Harry schlief diese Nacht sehr unruhig. Er wälzte sich in seinem Bett von der einen Seite auf die andere, doch er konnte nicht einschlafen. Die Bilder seiner Eltern und seines Paten, die überall im Zimmer hangen, erinnerten ihn so furchtbar an frühere Tage. Harry versuchte sich krampfhaft an seine Eltern zu erinnern, aber es gab kein Bild von ihnen in seinem Kopf. Keine Erinnerungen. Doch das schlimmste für Harry war, dass auch langsam das Bild von Sirius schwand. Harry erinnerte sich noch kaum an sein hundeähnliches Lachen. Er dachte wieder an sein drittes Schuljahr. Wie die Schule in Aufruhr war. An seine erste Begegnung mit den Dementoren oder mit Remus. Er erinnerte sich an die heulende Hütte und an seine Begegnung mit Sirius. Plötzlich hörte er ein Scheppern von der Küche her. Es war vermutlich irgendein Ordensmitglied, der eine Tasse fallen gelassen hatte, meinte Harry nur und drehte sich auf die andere Seite. Wieder ging unten wahrscheinlich in der Küche etwas zu Bruch. Was machen die da bloß, fragte sich Harry ärgerlich, Polterfest? Harry schwang sich aus dem Bett und stürmte die Tür hinaus. Licht schien von der Küche her nach draußen. Ich bin ja mal gespannt, was die da machen, fragte sich Harry und wollte gerade in die Küche stürmen, als er Stimmen hörte.

„Remus, beruhige dich doch", kling Tonks' Stimme. „Bita weiß, was sie tut."

„Das haben andere auch gesagt. Und was ist damals passiert? Erinnere dich doch mal daran, Tonks!"

„Ich weiß, was damals passiert ist, Remus, aber sie wird nicht so dumm sein, und den gleichen Fehler machen -"

„Ach nein? Tonks, ich kenne Bita besser als du. Sie würde das Gleiche wieder tun. DU HAST SIE DOCH SELBST GEHÖRT. Sie hat keine Angst vor dem Tod!"

„Remus, Bita hat damals einen Fehler begangen -"

„Einen Fehler? Tonks, sie hat sich Voldemort angeschlossen!"

„Aber nun ist sie auf unserer Seite. Das ist ein großer Vorteil für uns!"

„Tonks, Bita ist der Grund, warum Lily und James tot sind!
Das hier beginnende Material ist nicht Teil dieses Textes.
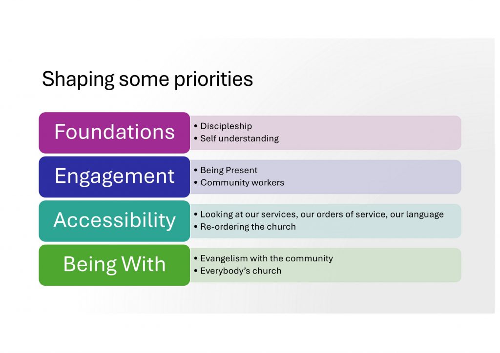 We are excited about the vision for the future and afterwards Lee put together the charts below highlighting the main themes – the next step is to share this with the congregation and then at our next week moving from vision to action planning.
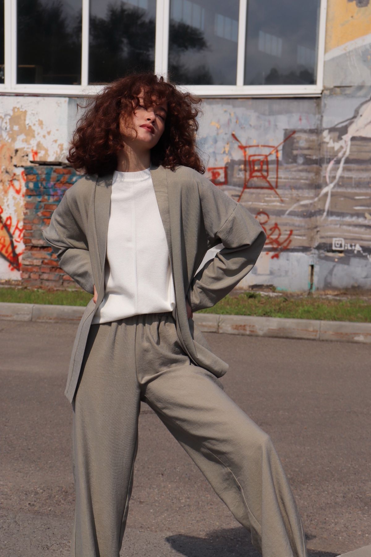 7043 Костюм из кимоно и брюк-палаццо в цвете "корица"
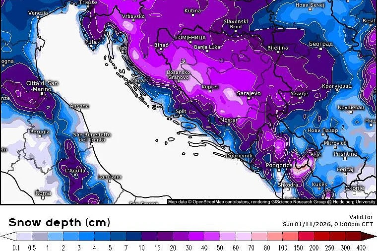 Како што предупредуваат метеоролошки извори кои ги следат регионалните временски трендови, снегот може да предизвика големи тешкотии во Хрватска и Босна и Херцеговина, додека снежни врнежи се очекуваат и во Истра и северен Јадран. Пред снежната линија да се спушти кон низините, поголемиот дел од Црна Гора, Херцеговина и Далмација ќе бидат погодени од обилни дождови, а можни се и локални поплави и лизгање на земјиштето.
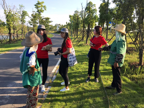 第一天在凤凰河景观带调研时,室外温度已达到40度。车载着我们在景观带的公路上行驶时,沿途基本上没有行人经过。我们掀开被太阳晒得发烫的车窗帘往外望,心里却感到一阵虚空。这时,几位植被养护工和一位在河边垂钓的居民进入了我们的视线。随行的周庆安老师立即请求司机师傅停车,带领我们上前和他们攀谈。后来,我们从交谈中获取了很多关于凤凰河变迁的故事。周老师告诉我们,新闻记者就需要寻找机会,主动和当地人交流,要谦虚,要接地气,多和老百姓请教学习。
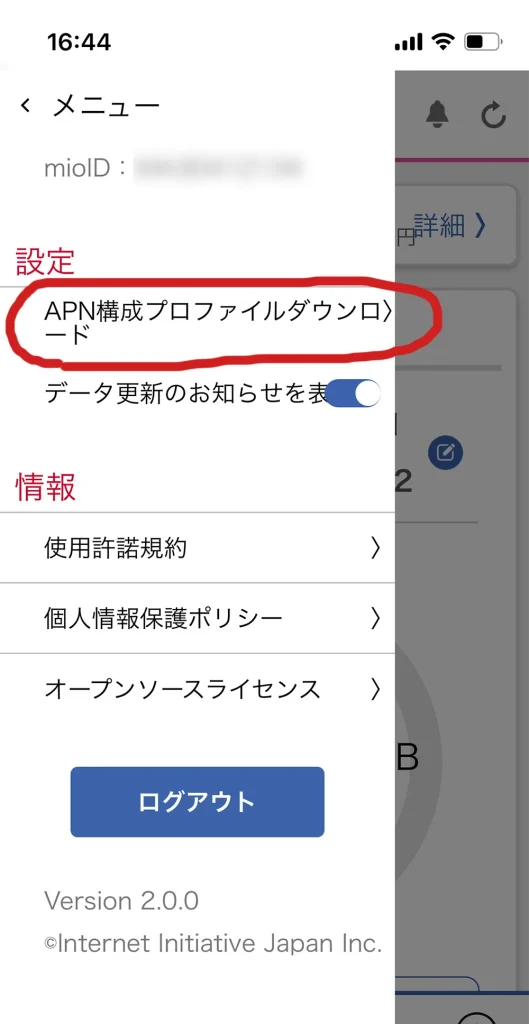 IIJMIOの場合は、IIJMIOのアプリのメニューから簡単にダウンロードができます。

Sie hat sie selber umgebracht!"

„Woher willst du es wissen, Remus?"

„Sirius hat sie eigenhändig versteckt, damit sie nicht verurteilt wurde, dafür kam er aber ins Gefängnis! Sirius war damals so dumm und hat sich nur von seinem Herzen leiten gelassen."
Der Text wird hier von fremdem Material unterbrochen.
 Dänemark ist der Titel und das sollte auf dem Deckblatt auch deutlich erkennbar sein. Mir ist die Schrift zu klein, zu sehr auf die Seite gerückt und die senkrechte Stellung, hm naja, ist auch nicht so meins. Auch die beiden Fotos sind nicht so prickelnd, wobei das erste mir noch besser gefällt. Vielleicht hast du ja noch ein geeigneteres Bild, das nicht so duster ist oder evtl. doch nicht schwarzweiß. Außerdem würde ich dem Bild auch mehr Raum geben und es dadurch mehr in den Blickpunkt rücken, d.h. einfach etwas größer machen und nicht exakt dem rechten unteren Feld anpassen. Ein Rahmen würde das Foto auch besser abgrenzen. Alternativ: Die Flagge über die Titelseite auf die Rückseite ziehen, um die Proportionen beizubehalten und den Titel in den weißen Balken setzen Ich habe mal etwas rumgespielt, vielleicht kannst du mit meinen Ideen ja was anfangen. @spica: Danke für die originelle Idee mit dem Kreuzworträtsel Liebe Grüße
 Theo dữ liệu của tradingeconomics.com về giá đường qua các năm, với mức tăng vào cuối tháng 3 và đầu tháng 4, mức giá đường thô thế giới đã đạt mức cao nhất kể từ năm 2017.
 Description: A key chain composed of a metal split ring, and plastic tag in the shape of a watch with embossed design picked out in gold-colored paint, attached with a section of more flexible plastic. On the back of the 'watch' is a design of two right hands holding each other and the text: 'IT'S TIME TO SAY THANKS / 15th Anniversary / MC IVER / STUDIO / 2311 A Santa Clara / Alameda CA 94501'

„Und was machst du, Remus? Du lässt dich auch von deinem Herzen leiten."

„Wie kommst du denn jetzt darauf?"

„Erinnerst du dich noch daran, als du Bita vor einem Muggelattentat gerettet hast. Sie wurde beinahe erschossen! Du hättest dabei sterben können!"
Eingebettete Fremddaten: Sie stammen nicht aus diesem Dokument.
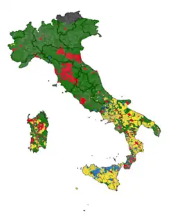 Sin embargo, después de menos de tres años desde el deslizamiento electoral de 2014, Renzi se vio obligado a dimitir tras la derrota en el referéndum constitucional y su ministro de Asuntos Exteriores, Paolo Gentiloni, fue nombrado nuevo jefe de Gobierno en diciembre de 2016.[4][5] Además, las elecciones generales de 2018 se caracterizaron por una fuerte subida de partidos populistas. La coalición de centroderecha, liderada por la derechista Liga de Matteo Salvini, surgió con una pluralidad de escaños en la Cámara de Diputados y en el Senado mientras que el antisistema M5S liderado por Luigi Di Maio se convirtió en el partido con mayor número de votos; y el centroizquierda de Renzi quedó en tercer lugar, con el peor resultado electoral de su historia.[6][7] Sin embargo, ningún grupo político o partido obtuvo una mayoría absoluta, lo que resultó en un parlamento colgado.[8] Después de tres meses de negociaciones, el 1 de junio finalmente el M5S y la Liga formaron un gobierno, con Giuseppe Conte, independiente vinculado al M5S, como Presidente del Consejo de Ministros y a Di Maio y Salvini como Vicepresidentes del Consejo de Ministros.[9][10]
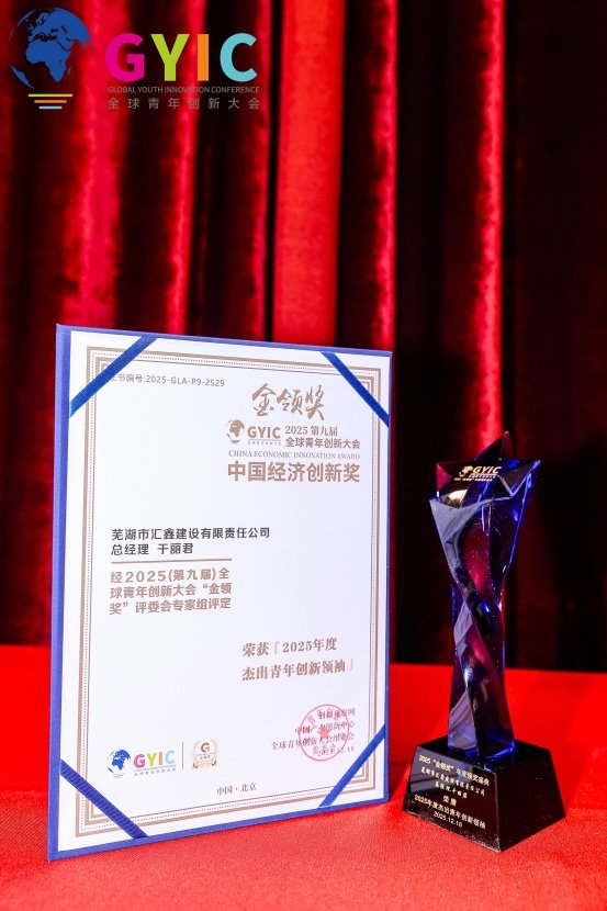 在2025(第九届)全球青年创新大会(Global Youth Innovation Conference,GYIC)暨“金领奖”年度颁奖盛典上,芜湖市汇鑫建设有限责任公司总经理干丽君荣获“金领奖”年度杰出青年创新领袖。该奖项重点表彰在新经济背景下兼具前瞻视野、创新精神与组织领导力的青年企业家与行业新锐,是中国新经济领域极具影响力的大型公益性评选之一。
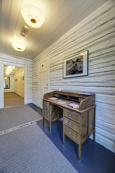 The atmosphere of the hotel rooms is Nordic—calm and bright. In the historic building, everything that could be preserved has been carefully retained, from century-old log walls and Tõstamaa’s famous yellow bricks to 1970s Estoplast light fixtures.
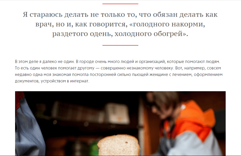Понятная структура текста на сайте благотворительной организации «Ночлежка»: яркая выделенная цитата, абзац и дальше фотоизображение. Изображение: скриншот с сайта homeless.ru
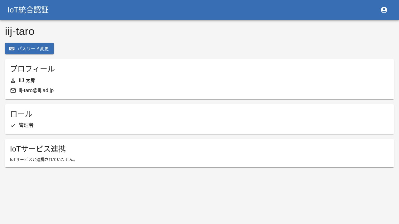 IoT統合認証ホーム画面では、IoTアカウントのプロフィール・割り当てられているロール・IIJ IoTサービス連携状況を確認できます。また、パスワードの変更ができます。
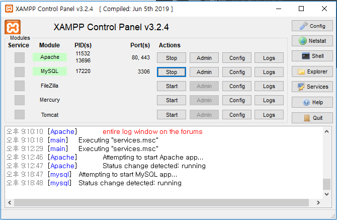 이전 포스팅에서 설치한 XAMPP를 이용하여 MySQL을 실행하고 진행하겠습니다. XAMPP에서 Apache와 MySQL을 Start 해 줍니다. (Apache를 실행해야 MySQL 서버가 실행됩니다.)
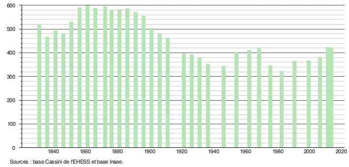 (Sources : Ldh/EHESS/Cassini jusqu'en 1999[5] puis Insee à partir de 2006[19].)
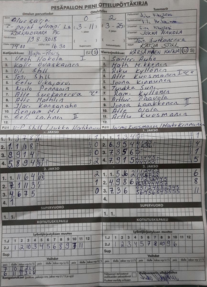 Miehet, aluesarja, Keski-Pohjanmaa C-pojat, aluesarja, Pohjois-Suomi C-pojat, Pohjois-Suomen aluemestaruussarja C-tytöt, aluesarja, Pohjois-Suomi C-tytöt, aluesarja, Keski-Pohjanmaa D-pojat, aluesarja, Pohjois-Suomi D-pojat, aluesarja, Keski-Pohjanmaa D-pojat, Pohjois-Suomen aluemestaruussarja D-tytöt, aluesarja, Pohjois-Suomi D-tytöt, aluesarja, Keski-Pohjanmaa D-tytöt, Pohjois-Suomen aluemestaruussarja E-pojat, aluesarja, Pohjois-Suomi E-pojat, aluesarja, Keski-Pohjanmaa E-pojat, Pohjois-Suomen aluemestaruussarja E-tytöt, aluesarja, Pohjois-Suomi E-tytöt, aluesarja, Keski-Pohjanmaa E-tytöt, Pohjois-Suomen aluemestaruussarja F-pojat, aluesarja, Pohjois-Suomi Naperot, aluesarja, A-kori, Keski-Pohjanmaa F-tytöt, aluesarja, Pohjois-Suomi Naperot, aluesarja, B-kori Keski-Pohjanmaa G-juniorit, aluesarja, Pohjois-Suomi Naperot, aluesarja, C-kori, Keski-Pohjanmaa Maakuntasarja miehet pohjoislohko Maakuntasarja miehet luoteislohko Maakuntasarja naiset pohjoislohko Maakuntasarja naiset luoteislohko Lady Pesis Kuntopesis - Sekasarja Kuntopesis - Miehet
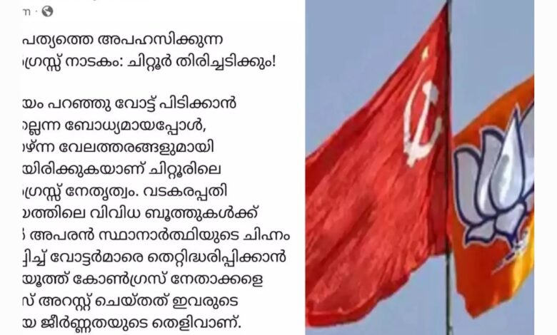 Read More »പാലക്കാട്: പാലക്കാട് ചിറ്റൂർ നിയമസഭാ മണ്ഡലത്തിൽ എൽഡിഎഫ് സ്ഥാനാർഥിക്ക് വോട്ട് അഭ്യർഥിച്ച് ബിജെപി സ്ഥാനാർഥിയുടെ ഫേസ്ബുക്ക് പോസ്റ്റ്. മണ്ഡലത്തിലെ ബിജെപി സ്ഥാനാർഥി പ്രണേഷ് രാജേന്ദ്രന്റെ ഫേസ്ബുക്ക് പേജിലാണ്…

„Das hat nichts mit der Sache zu tun, Tonks."

„Oh doch, Remus. DU bist ebenfalls in Bita verliebt -"

„Das ist nicht wahr, Tonks."

„Oh doch, Remus"wiederholte Tonks. „Oh doch!"

Harry hörte wie Remus gereizt seufzte.

„Na gut, ich BIN in sie verliebt, na und?"

„Du bist eifersüchtig auf Sirius."

„E- Eifersüchtig? ICH? Ich gehe in mein Zimmer, aus diesem Gespräch wird sowieso nicht mehr etwas sinnvolles." Harry flüchtete leise aber schnell in die Dunkelheit und schon schoss Remus aus der Küche die Treppen hinauf.

Harry wartete bis er die Tür zuschlagen hörte und ging dann in die Küche. Tonks schwang ihren Zauberstab und versuchte, die umgefallenen Teetassen zu reparieren.

„Oh Harry", lächelte Tonks, als sie Harry erblickte. „Ich hoffe, wir haben dich nicht geweckt."

„Nein", log Harry lächelnd. „Äh – was hat denn Remus?"

„Ach der", winkte Tonks ab. „Der macht sich nur um Bita sorgen."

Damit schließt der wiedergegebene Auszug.